Douglas A. McIntyre is the co-founder, chief executive officer and editor in chief of 24/7 Wall St. and 24/7 Tempo. He has held these jobs since 2006.

McIntyre has written thousands of articles for 24/7 Wall St. He is an expert on corporate finance, the automotive industry, media companies and international finance. He has edited articles on national demographics, sports, personal income and travel.
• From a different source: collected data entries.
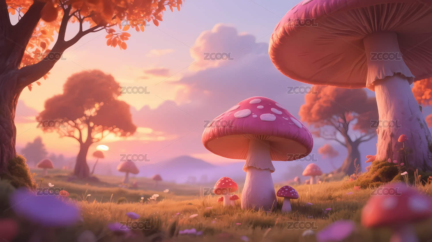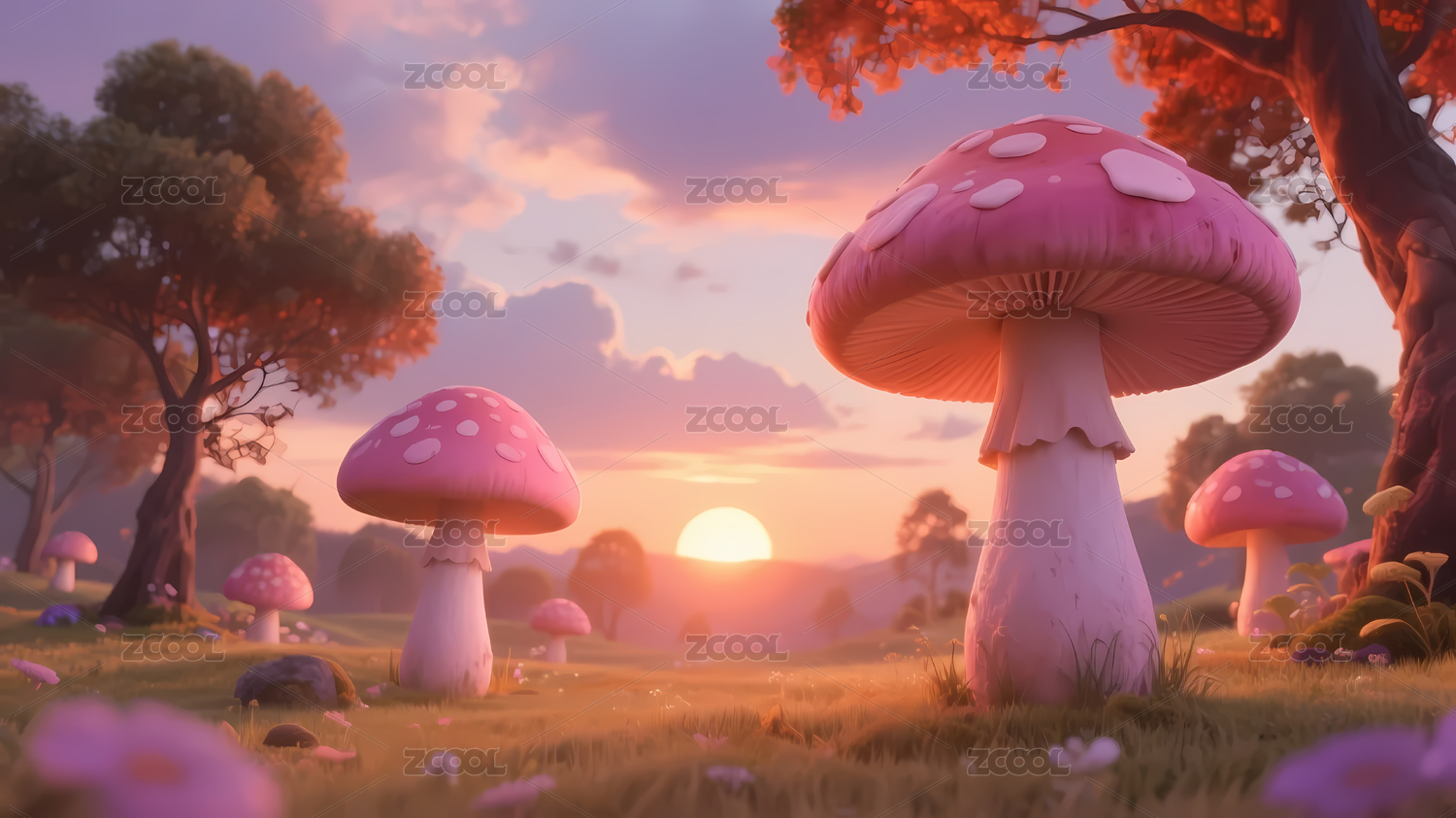 夕阳下的彩色蘑菇
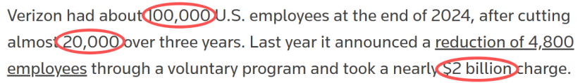 根据Verizon公司年度报告,截至2024年底,该公司在美国的员工总数约为100,000人。过去三年,公司已裁减了约20,000个岗位。去年,公司通过自愿离职计划减少了4,800名员工,遣散费接近20亿美元。
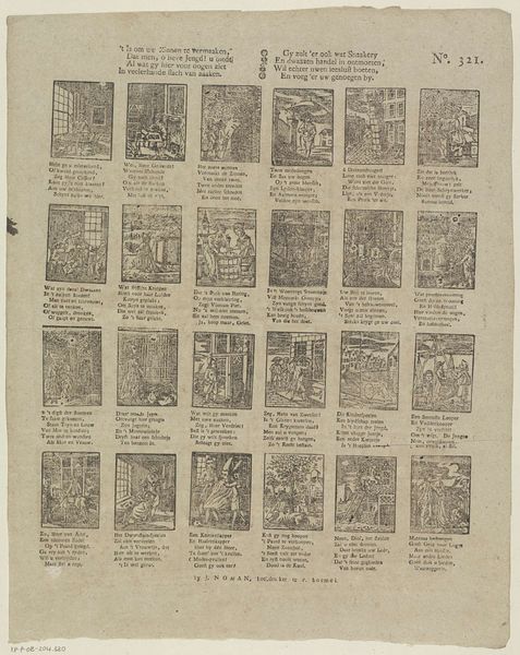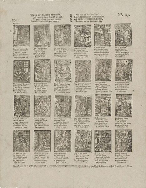 Curator: Here we have a fascinating print from between 1715 and 1813, titled "Zo ge aartigheden wilt beminnen...". It's an engraving on paper by Jan (Sr.) Oortman, currently held in the Rijksmuseum. It depicts a series of small scenes; it almost feels like a comic strip. How would you interpret the visual impact of this compilation of vignettes? Editor: It's definitely busy! The sheer number of images is a little overwhelming. The details within each scene are also a little hard to discern due to the engraving. I'm curious though, what would someone at the time, and maybe even Oortman, have thought of it? Curator: It's critical to think of the printing process and the accessibility this afforded. This isn’t some unique oil painting destined for a wealthy patron’s private collection. It’s a print! This implies a different kind of consumption, perhaps more democratic and intended for broader circulation. Editor: That's a great point. The availability of printed images likely impacted its meaning. So what stories would these pictures be depicting, what meaning would the consumer be trying to access, and how does their context add significance? Curator: It may seem didactic. Look closer, are they moral tales being visually reproduced on paper, or is something else at play here? Who could read this and why? Who would consume these works, and for what purpose? Editor: So rather than individual artistic genius, the emphasis is on production, consumption, and the social impact of these prints. They become less about aesthetics and more about the material conditions of their creation and distribution. It's interesting to view the artist as one part of a larger system! Curator: Exactly! We move beyond simple aesthetic appreciation and engage with the economic and social forces that shaped the art itself and continue to imbue them with significance to this day.

His work has been quoted or mentioned in The New York Times, The Wall Street Journal, Los Angeles Times, The Washington Post, NBC News, Time, The New Yorker, HuffPost USA Today, Business Insider, Yahoo, AOL, MarketWatch, The Atlantic, Bloomberg, New York Post, Chicago Tribune, Forbes, The Guardian and many other major publications. McIntyre has been a guest on CNBC, the BBC and television and radio stations across the country.

A magna cum laude graduate of Harvard College, McIntyre also was president of The Harvard Advocate. Founded in 1866, the Advocate is the oldest college publication in the United States.

TheStreet.com, Comps.com and Edgar Online are some of the public companies for which McIntyre served on the board of directors. He was a Vicinity Corporation board member when the company was sold to Microsoft in 2002. He served on the audit committees of some of these companies.

McIntyre has been the CEO of FutureSource, a provider of trading terminals and news to commodities and futures traders. He was president of Switchboard, the online phone directory company. He served as chairman and CEO of On2 Technologies, the video compression company that provided video compression software for Adobe’s Flash. Google bought On2 in 2009.